▸ Assigned task
All the data below goes into the copy word for word, but the pictures don't.

▸ Data section
————————

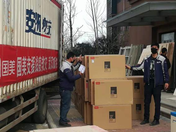 2月13日下午,國(guó)美還有援建武漢市九醫(yī)院東院A區(qū)方艙醫(yī)院的任務(wù),捐助200臺(tái)電視并完成配送。為了保證盡快完成如此大需求量的配貨,國(guó)美緊急調(diào)配了包括國(guó)美、TCL及海爾品牌電視,從武漢倉(cāng)庫(kù)直接配送到方艙醫(yī)院,并按計(jì)劃于14日安裝調(diào)試。
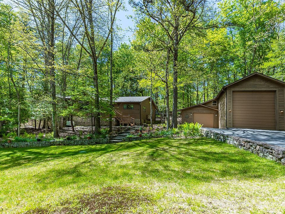 Beautifully updated, well-maintained, and expanded mountain home located in a premier, gated community. Complete with a single-car garage AND an RV parking garage that can be used as an amazing workshop, or house a horse trailer. This mountain cabin was thoughtfully and tastefully renovated to include an open floor plan, private master suite that floods with natural light, dressing area, updated bathrooms, and an expanded kitchen. The kitchen boasts two separate sink areas, a gas range, granite, custom hickory cabinets, and stainless steel appliances. Cedarwood beams, tongue-and-groove vaulted ceilings, and an oversized stone fireplace make the great room a cozy gathering spot, filled with mountain ambiance. A fenced-in backyard offers the perfect place for pets to play and a deer-safe area for gardening. The downstairs addition is a great entertainment/craft area complete with a half bath. New residents to pay $10,500 one-time amenity fee at close, or $12,500 by end of calendar year.
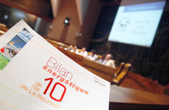 Comme chaque année depuis 2006, l'observatoire énergie Réunion (OER) a présenté le bilan de la situation énergétique à La Réunion. Concernant l'année 2010, on peut noter que l'île reste très dépendante de l'extérieur pour sa consommation d'énergie. En effet, pour répondre à la demande énergétique des Réunionnais, 1 465 550 tonnes de combustibles fossiles ont été importées en 2010. On remarque par ailleurs le ralentissement de la consommation d'électricité, la stabilisation de la consommation de carburants dans le secteur du transport routier, ainsi que la reprise des énergies renouvelables et du solaire thermique.
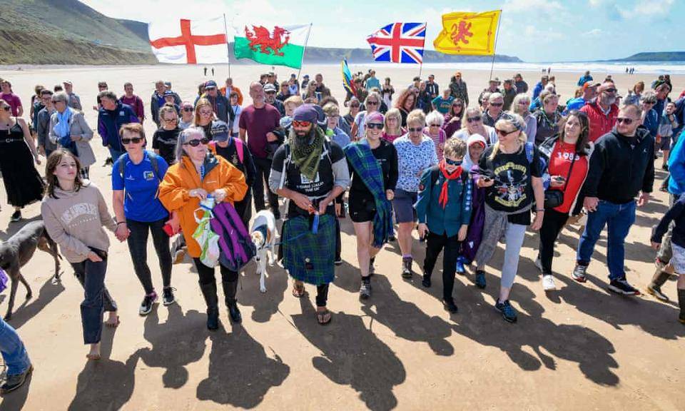7月29日,英国人克里斯·路易斯回到了位于英国威尔士南部高尔半岛的兰根尼斯海滩——6年前,饱受病症困扰、差点无家可归的他,穿着借来的鞋子从这里出发,开启环英国海岸线徒步之旅;6年后,当他回到这里时,路易斯不再形单影只,伴侣、儿子和旅途中收养的宠物狗伴其左右。路易斯这场史诗般的徒步,总路程约3万公里。

————————

▸ Completed exercise
 2月13日下午,國(guó)美還有援建武漢市九醫(yī)院東院A區(qū)方艙醫(yī)院的任務(wù),捐助200臺(tái)電視并完成配送。為了保證盡快完成如此大需求量的配貨,國(guó)美緊急調(diào)配了包括國(guó)美、TCL及海爾品牌電視,從武漢倉(cāng)庫(kù)直接配送到方艙醫(yī)院,并按計(jì)劃于14日安裝調(diào)試。
 Beautifully updated, well-maintained, and expanded mountain home located in a premier, gated community. Complete with a single-car garage AND an RV parking garage that can be used as an amazing workshop, or house a horse trailer. This mountain cabin was thoughtfully and tastefully renovated to include an open floor plan, private master suite that floods with natural light, dressing area, updated bathrooms, and an expanded kitchen. The kitchen boasts two separate sink areas, a gas range, granite, custom hickory cabinets, and stainless steel appliances. Cedarwood beams, tongue-and-groove vaulted ceilings, and an oversized stone fireplace make the great room a cozy gathering spot, filled with mountain ambiance. A fenced-in backyard offers the perfect place for pets to play and a deer-safe area for gardening. The downstairs addition is a great entertainment/craft area complete with a half bath. New residents to pay $10,500 one-time amenity fee at close, or $12,500 by end of calendar year.
 Comme chaque année depuis 2006, l'observatoire énergie Réunion (OER) a présenté le bilan de la situation énergétique à La Réunion. Concernant l'année 2010, on peut noter que l'île reste très dépendante de l'extérieur pour sa consommation d'énergie. En effet, pour répondre à la demande énergétique des Réunionnais, 1 465 550 tonnes de combustibles fossiles ont été importées en 2010. On remarque par ailleurs le ralentissement de la consommation d'électricité, la stabilisation de la consommation de carburants dans le secteur du transport routier, ainsi que la reprise des énergies renouvelables et du solaire thermique.
7月29日,英国人克里斯·路易斯回到了位于英国威尔士南部高尔半岛的兰根尼斯海滩——6年前,饱受病症困扰、差点无家可归的他,穿着借来的鞋子从这里出发,开启环英国海岸线徒步之旅;6年后,当他回到这里时,路易斯不再形单影只,伴侣、儿子和旅途中收养的宠物狗伴其左右。路易斯这场史诗般的徒步,总路程约3万公里。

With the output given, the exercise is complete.